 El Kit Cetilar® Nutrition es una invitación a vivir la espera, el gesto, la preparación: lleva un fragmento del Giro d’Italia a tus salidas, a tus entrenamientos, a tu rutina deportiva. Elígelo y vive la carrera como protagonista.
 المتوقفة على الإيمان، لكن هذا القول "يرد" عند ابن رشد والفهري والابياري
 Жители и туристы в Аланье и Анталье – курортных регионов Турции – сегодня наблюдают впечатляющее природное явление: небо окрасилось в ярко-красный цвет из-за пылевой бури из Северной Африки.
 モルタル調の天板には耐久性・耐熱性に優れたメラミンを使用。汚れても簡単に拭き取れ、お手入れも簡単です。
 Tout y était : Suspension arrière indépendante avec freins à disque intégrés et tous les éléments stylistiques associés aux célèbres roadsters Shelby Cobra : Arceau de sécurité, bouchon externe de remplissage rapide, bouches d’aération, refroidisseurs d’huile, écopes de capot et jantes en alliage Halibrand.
+===+
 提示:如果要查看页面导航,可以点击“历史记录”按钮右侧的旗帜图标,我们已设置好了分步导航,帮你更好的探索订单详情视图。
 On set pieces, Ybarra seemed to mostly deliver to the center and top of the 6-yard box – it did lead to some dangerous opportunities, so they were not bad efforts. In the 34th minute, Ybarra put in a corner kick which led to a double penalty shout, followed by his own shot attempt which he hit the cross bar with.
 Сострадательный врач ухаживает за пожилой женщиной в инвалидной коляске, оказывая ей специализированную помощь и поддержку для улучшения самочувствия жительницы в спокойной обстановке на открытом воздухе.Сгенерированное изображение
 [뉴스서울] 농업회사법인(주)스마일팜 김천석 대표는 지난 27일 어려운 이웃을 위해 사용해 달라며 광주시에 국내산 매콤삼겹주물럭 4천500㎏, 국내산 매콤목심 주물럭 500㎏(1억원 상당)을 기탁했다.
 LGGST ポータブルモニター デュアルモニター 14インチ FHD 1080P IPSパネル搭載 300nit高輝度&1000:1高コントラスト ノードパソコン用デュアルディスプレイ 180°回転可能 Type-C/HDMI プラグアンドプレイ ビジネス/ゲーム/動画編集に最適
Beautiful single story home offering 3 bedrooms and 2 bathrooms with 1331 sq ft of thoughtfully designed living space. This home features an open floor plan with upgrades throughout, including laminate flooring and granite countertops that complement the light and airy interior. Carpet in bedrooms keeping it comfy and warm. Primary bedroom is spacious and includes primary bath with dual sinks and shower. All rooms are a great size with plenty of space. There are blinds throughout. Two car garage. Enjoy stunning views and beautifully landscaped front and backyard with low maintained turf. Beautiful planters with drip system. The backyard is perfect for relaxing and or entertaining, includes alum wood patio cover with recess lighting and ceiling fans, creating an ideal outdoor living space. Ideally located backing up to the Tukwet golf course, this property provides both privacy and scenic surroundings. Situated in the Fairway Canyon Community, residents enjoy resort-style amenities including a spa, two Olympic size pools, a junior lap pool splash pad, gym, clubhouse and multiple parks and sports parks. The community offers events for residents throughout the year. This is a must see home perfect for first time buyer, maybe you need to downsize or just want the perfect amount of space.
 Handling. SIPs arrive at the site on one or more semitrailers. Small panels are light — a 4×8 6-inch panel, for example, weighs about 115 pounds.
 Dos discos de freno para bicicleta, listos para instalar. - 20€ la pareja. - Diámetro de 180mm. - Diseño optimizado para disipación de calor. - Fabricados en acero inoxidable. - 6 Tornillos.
+===+
= EXERCISE BRIEF =
Within the material above, extract exactly the lines that start at the line containing "[뉴스서울] 농업회사법인(주)스마일팜 김천석" and stop after the line containing "LGGST ポータブルモニター デュアルモニター", and only those.

= EXERCISE SOLUTION =
 [뉴스서울] 농업회사법인(주)스마일팜 김천석 대표는 지난 27일 어려운 이웃을 위해 사용해 달라며 광주시에 국내산 매콤삼겹주물럭 4천500㎏, 국내산 매콤목심 주물럭 500㎏(1억원 상당)을 기탁했다.
 LGGST ポータブルモニター デュアルモニター 14インチ FHD 1080P IPSパネル搭載 300nit高輝度&1000:1高コントラスト ノードパソコン用デュアルディスプレイ 180°回転可能 Type-C/HDMI プラグアンドプレイ ビジネス/ゲーム/動画編集に最適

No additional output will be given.